Delta started shifting the calls to employees in the U.S. over the past year, and “completely removed” Indian contractors last quarter, Chief Executive Officer Richard Anderson said in his weekly recorded message to employees.
The move makes Delta the second big carrier to repatriate customer-service work from India in 2009, after UAL Corp.’s United Airlines did so in February. Companies including AT&T Inc. have taken similar steps, said Karl Keirstead, an outsourcing analyst at Kaufman Bros. LP in New York.
“The customer satisfaction and service quality boost they get is worth the extra costs,” Keirstead said yesterday. “It especially makes sense now because their U.S. employees may have excess capacity to handle it because business is down.”
Delta has about 4,500 employees who take customer service and reservation calls, said Betsy Talton, a spokeswoman for the Atlanta-based carrier. That’s about 6.4 percent of the workforce.
A call center for Wipro Ltd. handled customer-service duties for Delta, and the Bangalore, India-based company still works on the airline’s correspondence, Talton said.
‘Not Shy’
“Customer acceptance of call-center representatives in other countries was low, and our customers are not shy about letting us have that feedback,” Anderson said in his April 16 message.

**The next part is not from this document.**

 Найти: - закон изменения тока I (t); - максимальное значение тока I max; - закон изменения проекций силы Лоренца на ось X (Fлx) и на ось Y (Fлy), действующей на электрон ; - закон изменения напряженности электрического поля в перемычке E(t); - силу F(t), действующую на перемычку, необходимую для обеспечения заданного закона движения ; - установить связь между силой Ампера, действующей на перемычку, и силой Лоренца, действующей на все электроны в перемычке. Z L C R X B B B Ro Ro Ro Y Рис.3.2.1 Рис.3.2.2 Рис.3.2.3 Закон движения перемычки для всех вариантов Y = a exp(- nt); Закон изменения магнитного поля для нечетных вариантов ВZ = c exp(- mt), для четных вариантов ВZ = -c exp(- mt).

Delta sent some calls to India and other countries as travel plunged after the Sept. 11, 2001, terrorist attacks, and the carrier joined U.S. peers in slashing jobs and flying to conserve cash before its 2005 bankruptcy filing. Delta had said previously that moving calls to India saved $25 million a year.
Call centers in Jamaica and South Africa still work with some Delta customers, chiefly from those regions, the airline said.

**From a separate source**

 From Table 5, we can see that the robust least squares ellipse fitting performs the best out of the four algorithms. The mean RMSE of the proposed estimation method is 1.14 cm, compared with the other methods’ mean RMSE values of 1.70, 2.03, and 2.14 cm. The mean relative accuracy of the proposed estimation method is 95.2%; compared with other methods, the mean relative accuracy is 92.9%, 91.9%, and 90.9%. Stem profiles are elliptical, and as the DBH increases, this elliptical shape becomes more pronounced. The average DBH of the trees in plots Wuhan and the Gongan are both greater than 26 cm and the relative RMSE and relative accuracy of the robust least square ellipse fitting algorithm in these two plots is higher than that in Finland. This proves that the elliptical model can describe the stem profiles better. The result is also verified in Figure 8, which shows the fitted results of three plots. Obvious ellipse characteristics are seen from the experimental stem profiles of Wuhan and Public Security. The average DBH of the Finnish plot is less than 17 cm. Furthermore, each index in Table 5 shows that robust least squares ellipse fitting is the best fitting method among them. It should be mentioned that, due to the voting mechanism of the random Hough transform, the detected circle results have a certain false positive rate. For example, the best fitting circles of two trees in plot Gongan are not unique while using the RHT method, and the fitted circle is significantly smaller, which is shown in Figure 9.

Delta’s traffic tumbled 14 percent in March, more than February’s 8.8 percent decline, as the global recession spread. The company has eliminated more than 6,000 jobs over the past year through buyouts, and said in February that additional reductions may be needed should the economy worsen.
Anderson didn’t say how many Delta jobs might be preserved by relocating the call-center work. United said it would return 165 call-center jobs to Chicago, where the third-largest U.S. airline is based, and Honolulu.
Delta rose 4 cents to $7.32 yesterday in New York Stock Exchange composite trading. The shares have fallen 36 percent this year.